#### THE DATA ####
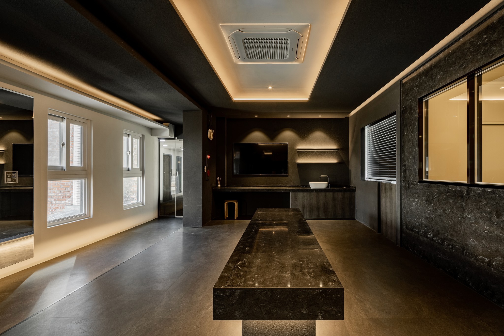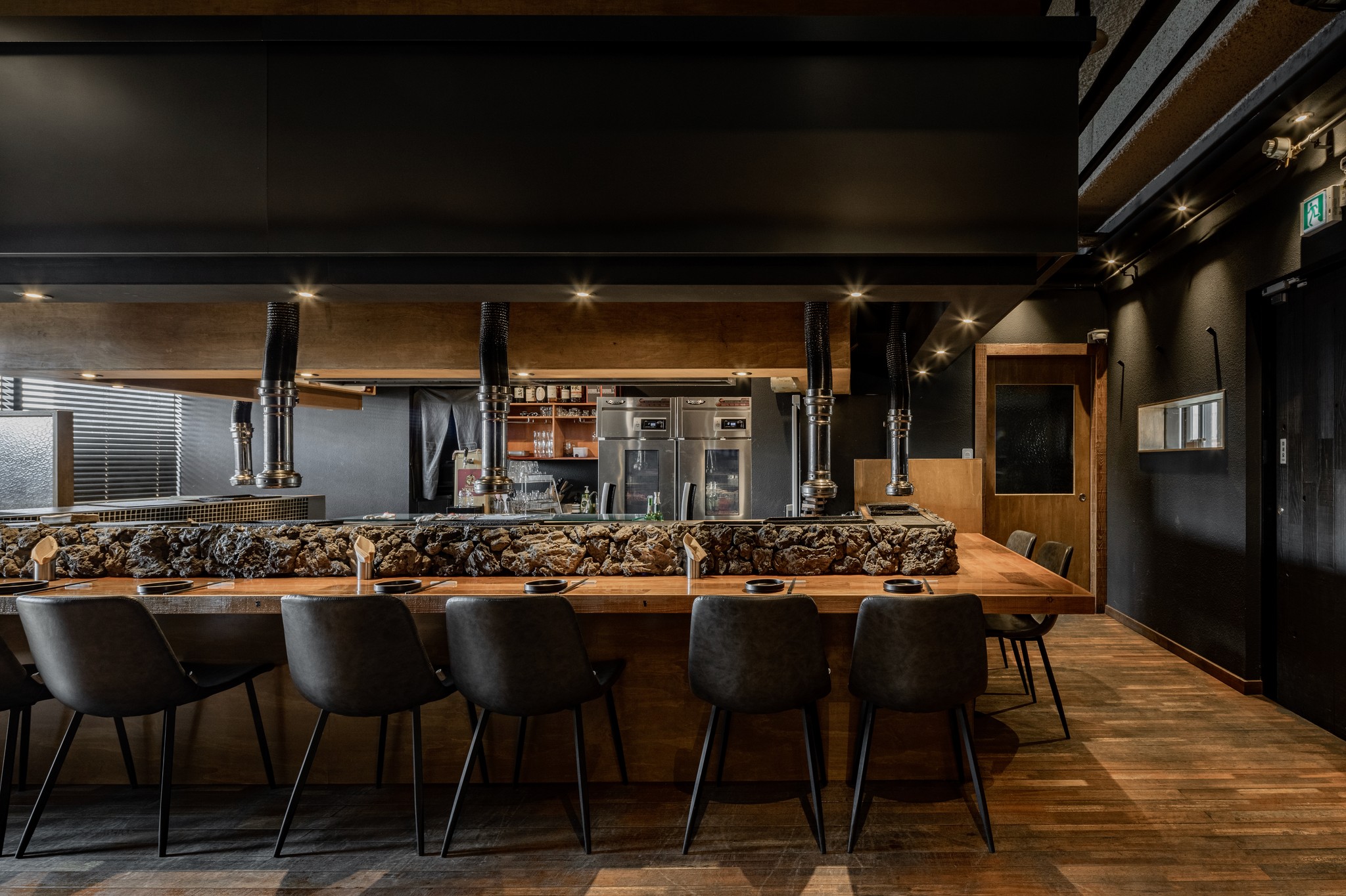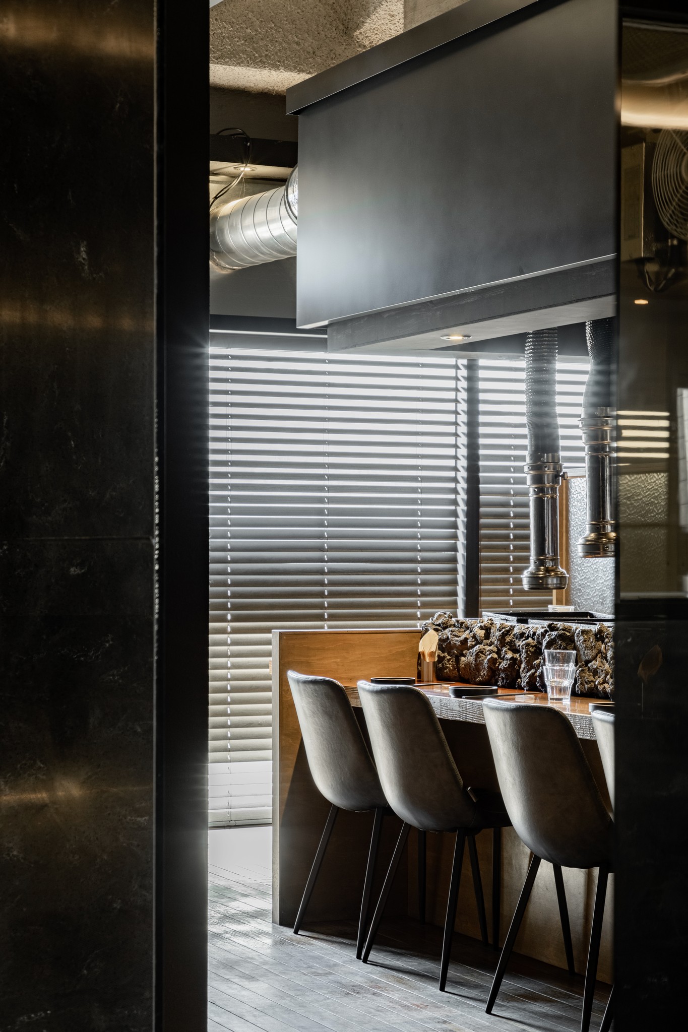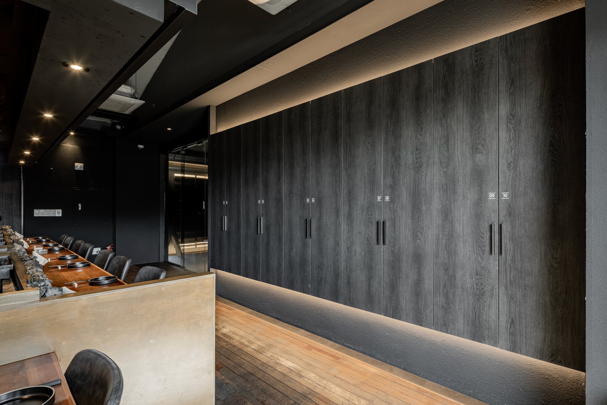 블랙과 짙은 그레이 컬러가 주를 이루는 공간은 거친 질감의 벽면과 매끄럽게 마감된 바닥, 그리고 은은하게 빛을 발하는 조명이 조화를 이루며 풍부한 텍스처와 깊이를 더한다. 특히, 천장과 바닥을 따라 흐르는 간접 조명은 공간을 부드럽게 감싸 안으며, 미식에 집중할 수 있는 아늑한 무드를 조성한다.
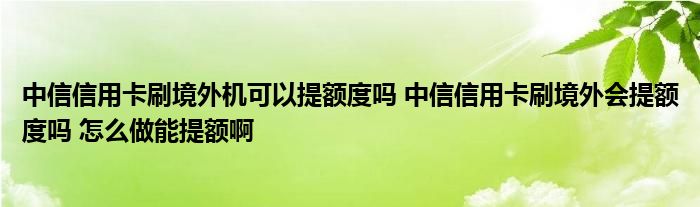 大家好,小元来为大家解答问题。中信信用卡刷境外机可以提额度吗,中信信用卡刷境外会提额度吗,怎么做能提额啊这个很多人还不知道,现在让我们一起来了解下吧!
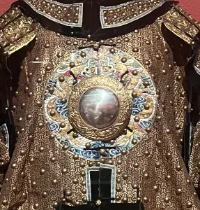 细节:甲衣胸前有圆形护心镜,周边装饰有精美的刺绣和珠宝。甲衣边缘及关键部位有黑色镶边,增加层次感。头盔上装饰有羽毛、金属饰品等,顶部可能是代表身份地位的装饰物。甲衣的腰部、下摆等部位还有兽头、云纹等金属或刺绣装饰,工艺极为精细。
####
* WHAT YOU SHOULD DO: Reproduce the material word for word. Any pictures should be left out of the copy.

* EXERCISE ANSWER:
 블랙과 짙은 그레이 컬러가 주를 이루는 공간은 거친 질감의 벽면과 매끄럽게 마감된 바닥, 그리고 은은하게 빛을 발하는 조명이 조화를 이루며 풍부한 텍스처와 깊이를 더한다. 특히, 천장과 바닥을 따라 흐르는 간접 조명은 공간을 부드럽게 감싸 안으며, 미식에 집중할 수 있는 아늑한 무드를 조성한다.
 大家好,小元来为大家解答问题。中信信用卡刷境外机可以提额度吗,中信信用卡刷境外会提额度吗,怎么做能提额啊这个很多人还不知道,现在让我们一起来了解下吧!
 细节:甲衣胸前有圆形护心镜,周边装饰有精美的刺绣和珠宝。甲衣边缘及关键部位有黑色镶边,增加层次感。头盔上装饰有羽毛、金属饰品等,顶部可能是代表身份地位的装饰物。甲衣的腰部、下摆等部位还有兽头、云纹等金属或刺绣装饰,工艺极为精细。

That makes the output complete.